Jekyll

It’s early in our bootcamp and we’ve been learning HTML & CSS, the bones of web development. HTML & CSS are simple languages that the developer uses to layout a website’s design and information. Hopefully the developer designs the site in a way that is:

  • clear to understand
  • easy to navigate
  • a pleasure to behold

Even working on a very simple website it becomes obvious that with every little change, you frequently end up performing repetitive, reduntant actions. If you mispell a word in the menu then you have to go to every page that has a menu (all of them) and fix the spelling. This happens a LOT. (No jks abut my speling, pleese.) If you have 5 pages, this is a minor annoyance. If you have 20 then life just isn’t worth living.

This is where Jekyll comes to the rescue.

A Better Way Of Life

Jekyll is built on the principle of DRY, or Don’t Repeat Yourself.

It separates each portion of a website page into its own partition. These segments are then called on when wanted. This puts the information in one place instead of on every page.

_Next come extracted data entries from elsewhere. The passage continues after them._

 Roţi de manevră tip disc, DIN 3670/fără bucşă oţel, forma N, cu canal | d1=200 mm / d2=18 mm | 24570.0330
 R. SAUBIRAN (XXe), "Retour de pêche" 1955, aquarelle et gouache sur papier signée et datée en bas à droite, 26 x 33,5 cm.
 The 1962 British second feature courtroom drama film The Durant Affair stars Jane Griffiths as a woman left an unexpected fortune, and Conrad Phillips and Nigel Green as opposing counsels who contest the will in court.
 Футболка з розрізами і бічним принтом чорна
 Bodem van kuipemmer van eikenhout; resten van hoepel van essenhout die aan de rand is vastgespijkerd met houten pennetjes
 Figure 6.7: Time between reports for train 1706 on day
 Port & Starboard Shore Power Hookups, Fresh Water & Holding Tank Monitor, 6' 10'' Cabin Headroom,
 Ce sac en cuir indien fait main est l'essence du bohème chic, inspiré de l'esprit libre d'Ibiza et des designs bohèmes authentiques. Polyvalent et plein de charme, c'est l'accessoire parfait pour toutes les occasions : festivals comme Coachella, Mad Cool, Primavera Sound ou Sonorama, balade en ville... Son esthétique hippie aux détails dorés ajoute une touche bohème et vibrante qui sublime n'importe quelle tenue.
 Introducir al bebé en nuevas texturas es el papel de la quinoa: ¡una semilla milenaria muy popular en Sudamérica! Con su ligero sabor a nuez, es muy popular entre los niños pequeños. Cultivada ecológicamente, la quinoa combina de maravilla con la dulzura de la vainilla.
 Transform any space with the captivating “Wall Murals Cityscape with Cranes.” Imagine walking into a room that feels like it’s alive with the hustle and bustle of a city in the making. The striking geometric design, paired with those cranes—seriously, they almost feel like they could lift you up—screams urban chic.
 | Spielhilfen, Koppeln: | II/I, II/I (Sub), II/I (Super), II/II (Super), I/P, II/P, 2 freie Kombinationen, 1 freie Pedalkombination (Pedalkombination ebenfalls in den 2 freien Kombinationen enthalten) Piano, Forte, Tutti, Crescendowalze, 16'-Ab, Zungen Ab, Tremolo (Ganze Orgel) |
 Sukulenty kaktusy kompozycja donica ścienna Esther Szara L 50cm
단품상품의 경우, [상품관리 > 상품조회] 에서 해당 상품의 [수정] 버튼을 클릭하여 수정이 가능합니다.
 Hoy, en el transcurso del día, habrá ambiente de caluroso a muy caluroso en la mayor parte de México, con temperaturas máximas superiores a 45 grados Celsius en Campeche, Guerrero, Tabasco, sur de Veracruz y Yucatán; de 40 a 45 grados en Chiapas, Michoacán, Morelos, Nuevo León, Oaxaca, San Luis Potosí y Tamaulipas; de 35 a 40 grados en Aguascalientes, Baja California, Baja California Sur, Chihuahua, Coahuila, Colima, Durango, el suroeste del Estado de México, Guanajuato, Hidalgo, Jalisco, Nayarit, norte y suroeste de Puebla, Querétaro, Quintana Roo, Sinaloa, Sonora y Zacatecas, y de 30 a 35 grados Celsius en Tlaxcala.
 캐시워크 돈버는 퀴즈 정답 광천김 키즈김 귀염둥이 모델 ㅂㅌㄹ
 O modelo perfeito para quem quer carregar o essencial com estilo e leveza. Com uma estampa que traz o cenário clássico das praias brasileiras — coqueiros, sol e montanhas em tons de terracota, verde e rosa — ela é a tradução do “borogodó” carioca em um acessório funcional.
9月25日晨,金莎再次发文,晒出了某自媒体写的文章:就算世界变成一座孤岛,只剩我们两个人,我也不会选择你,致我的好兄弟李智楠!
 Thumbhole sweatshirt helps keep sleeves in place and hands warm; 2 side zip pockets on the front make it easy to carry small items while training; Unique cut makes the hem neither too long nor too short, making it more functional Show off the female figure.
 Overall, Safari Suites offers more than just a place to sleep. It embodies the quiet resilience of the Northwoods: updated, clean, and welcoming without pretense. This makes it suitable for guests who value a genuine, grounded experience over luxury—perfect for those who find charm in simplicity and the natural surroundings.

For example, if you have hyperlinks in your footer (contact, copyright, etc.) and they appear on 1000 pages, then you can separate the footer from the rest of the page. The code for your footer will only be in one place but Jekyll will make it appear on all 1000 pages.

As someone who loves efficiency, I find this a beautiful thing.

It feels very modular. I also love Legos.

Is There No Downside?

I loved every aspect of Jekyll until it came time to actually write this blogpost.

Blogs in Jekyll are written using Markdown, a basic text formatting language. Simplicity is good, but after days of immersion in CSS the lack of any styling for the text nearly drove me bonkers.

I spent an unfortunate hour or two trying various ways to add CSS styles to my Markdown. To no avail.

I’ve been assured that tomorrow we will be learning Bootstrap and all my problems will be solved.

Till then, I’ll simply carry on. And hopefully sleep.